You can, and Pinecone's own docs describe why most multi-tenant AI products do not. Each namespace is stored separately, so namespace-per-tenant is a physical isolation boundary — a leak requires a logic bug at the API layer, not a missed filter in a query. Metadata filtering is a logical filter in a shared namespace, and the leak surface is larger. Cost-wise, namespace-per-tenant is also cheaper at any meaningful scale — querying one tenant's 1 GB namespace costs 1 RU, while metadata-filtering a single shared 100 GB namespace for the same tenant costs 100 RUs per the documented pricing model. The tradeoff used to be operational complexity, but with namespaces-per-tenant supported up to the million-namespace scale on Standard and Enterprise plans, the operational argument has largely evaporated.
What happens to the architecture when a tenant churns and asks for data deletion?

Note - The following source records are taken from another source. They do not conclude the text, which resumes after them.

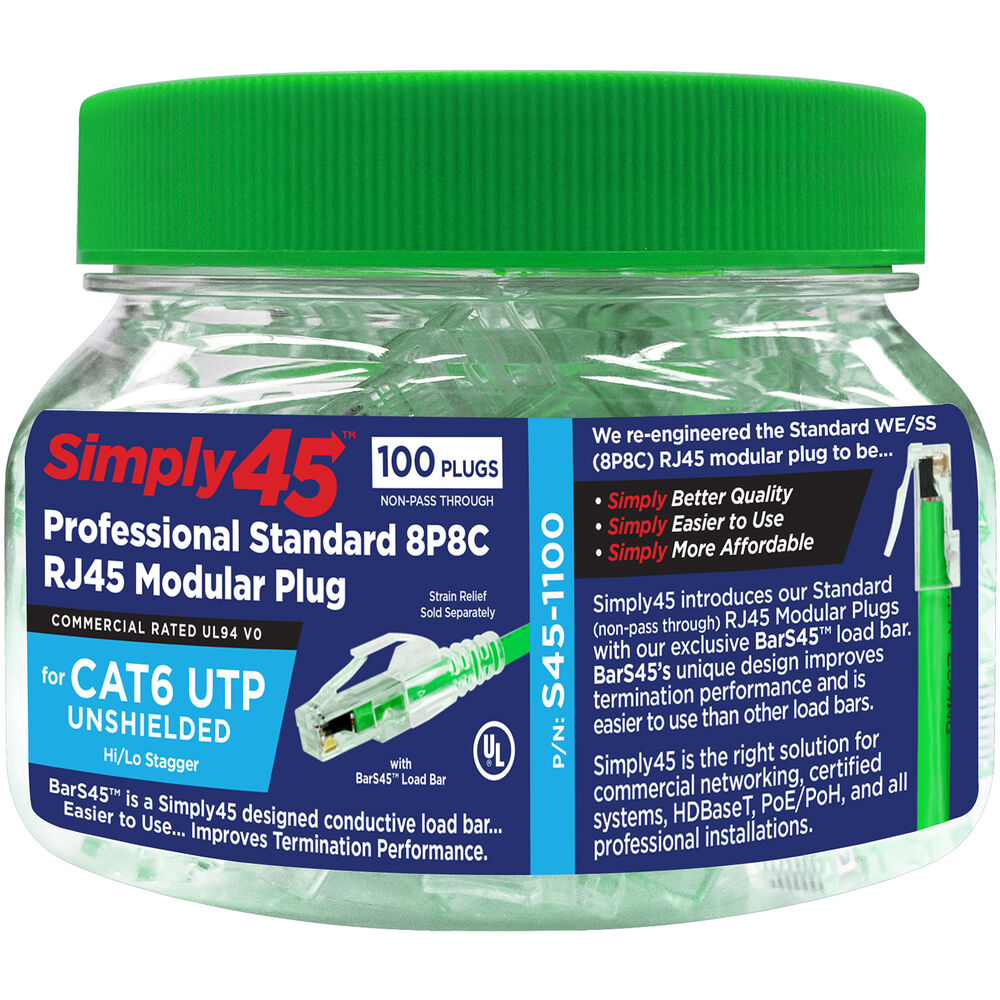 - Simply45 Cat 6/6a UTP Unshielded RJ45 Standard Modular Plug with Bar45 (100-Piece Jar)
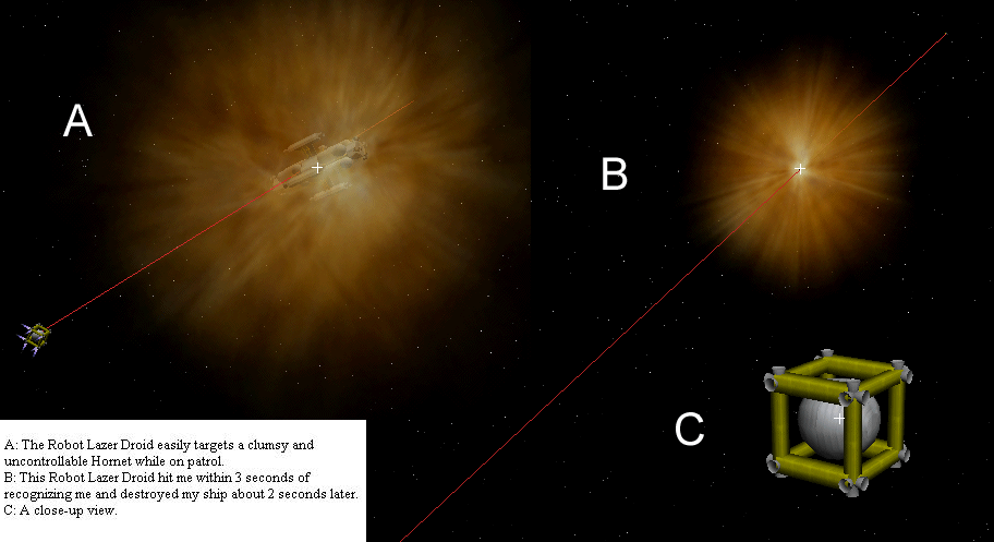 Clearly, Robot Lazer Droids outclass the usual fleet of Hornets or Wombatt-class defense fighters. Even one can target an enemy in under 3 seconds and not get so much as a failed thruster. Even if they are hit, no pilots are lost and it is easy to buy another. Even an Agamemnon can hold 12,500 of them, and it would take a very small investment. Just imagine! A fleet of tens of thousands of attackers, each targeting an enemy in 3 seconds! The Robot Lazer Droid is the only good choice for space warfare.
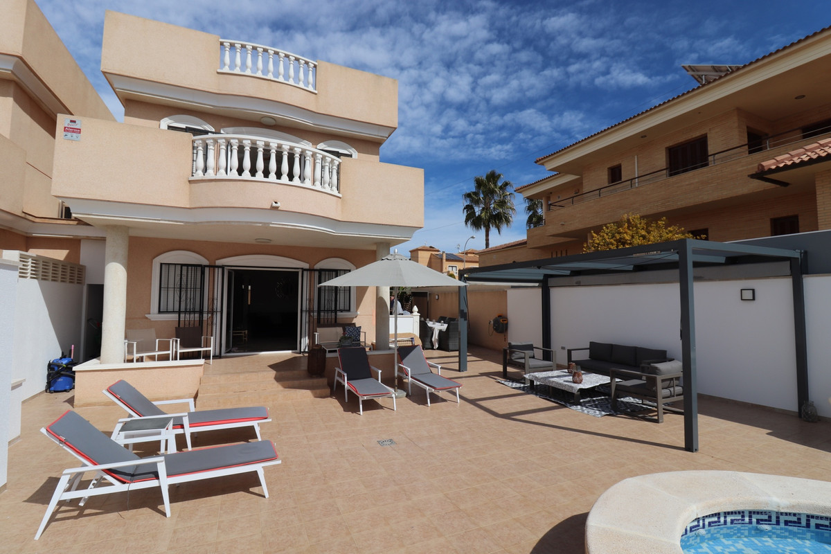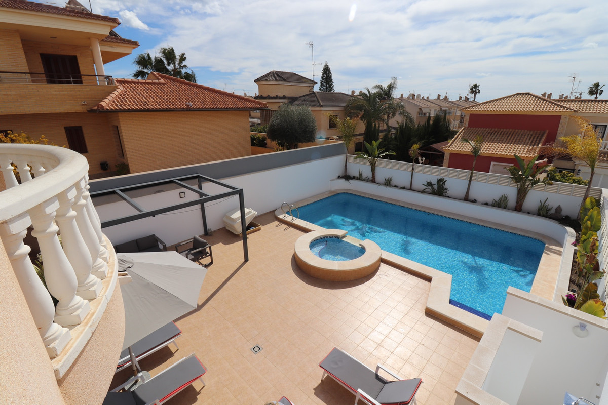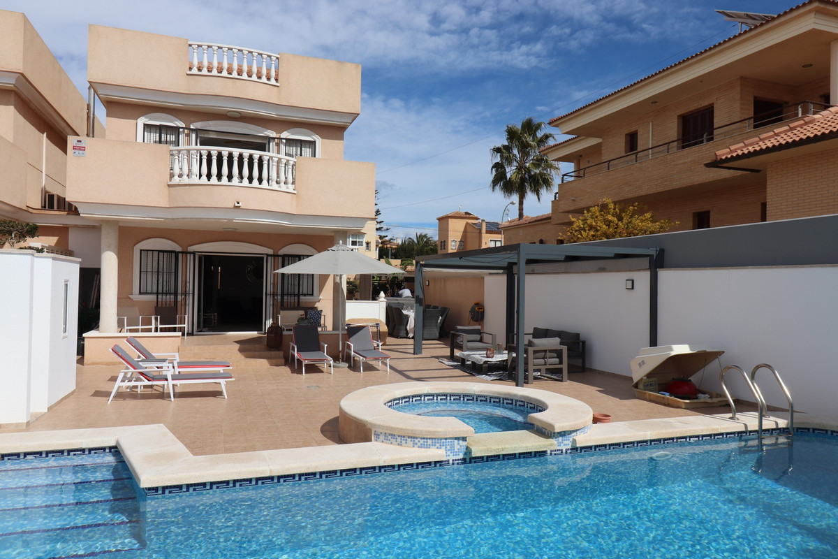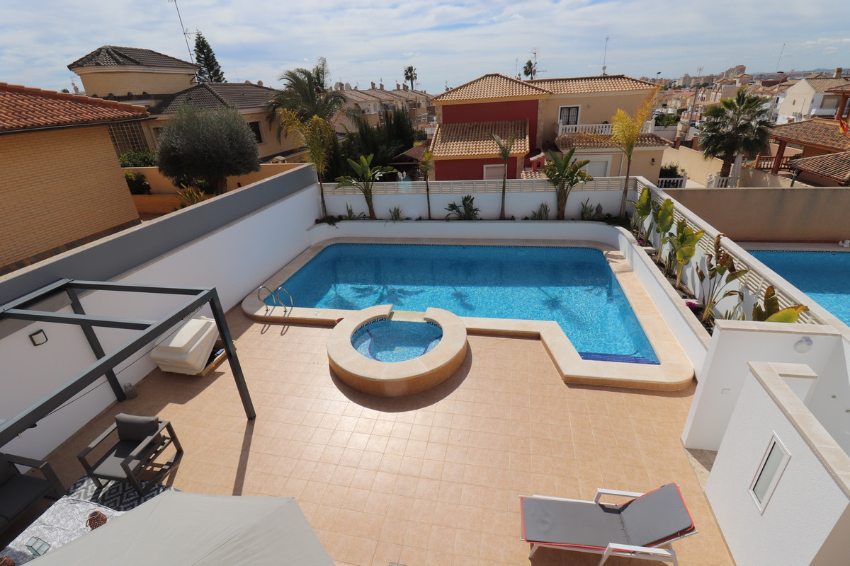 We are proud to present this beautiful villa with 4 bedrooms and 3 bathrooms distributed over 2 floors with large private pool 12 x 8 with jacuzzi for sale in Torrevieja close to the beach
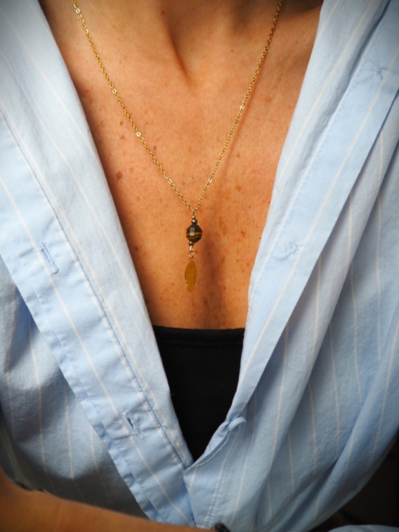 Elegancki łańcuszek o długości około 50 cm, zdobiony zawieszką z tygrysiego oka, pirytu i delikatnym piórkiem. To połączenie naturalnych kamieni i symbolicznego motywu tworzy biżuterię pełną energii, blasku i ochrony.
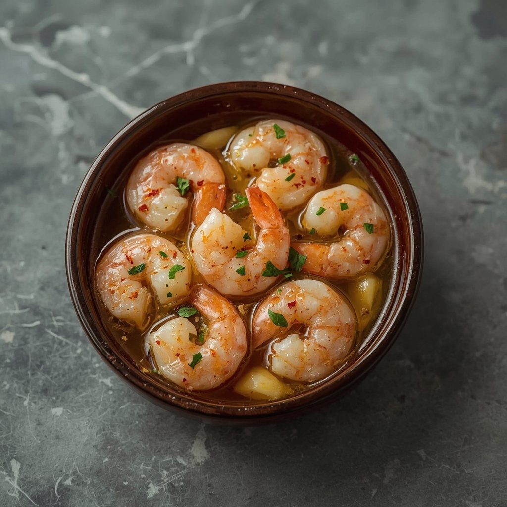 Dieses Gericht stammt aus der spanischen Tapas-Kultur, wo kleine, aromatische Portionen serviert werden. Das Geheimnis liegt darin, das Öl mit dem Knoblauch zu aromatisieren, ohne es zu verbrennen, und die Garnelen nur kurz zu braten.

Deletion becomes a small set of well-defined operations instead of an archaeology project. The Pinecone namespace for that tenant is deleted as a single API call — every vector for that tenant goes with it, because nothing was shared. The Postgres rows are deleted via the existing tenant_id-scoped DELETE, which RLS prevents from touching another tenant's data even if the deletion script has a bug. The provider-side project key (OpenAI) or workspace (Anthropic) is revoked, and the tenant-config row carrying their custom prompts is removed. The eval harness drops the tenant's eval set with the same delete. The contractual deletion deadline (often 30 days under enterprise DPAs) becomes a script you can prove ran, not a quarterly cleanup project.
How long does this typically take to stand up on an existing AI SaaS?
For an AI SaaS already running on a shared Pinecone index and a single provider key, retrofitting per-tenant namespaces plus per-tenant key or workspace plus the cost/rate budget layer is typically a few weeks of focused work. The slow variable is the vector migration — re-embedding is sometimes required, sometimes not, depending on whether the existing index has clean tenant_id metadata or whether tenant attribution has to be recovered from logs. The prompt-config and eval-harness pieces are usually smaller than the data migration and can ship in parallel.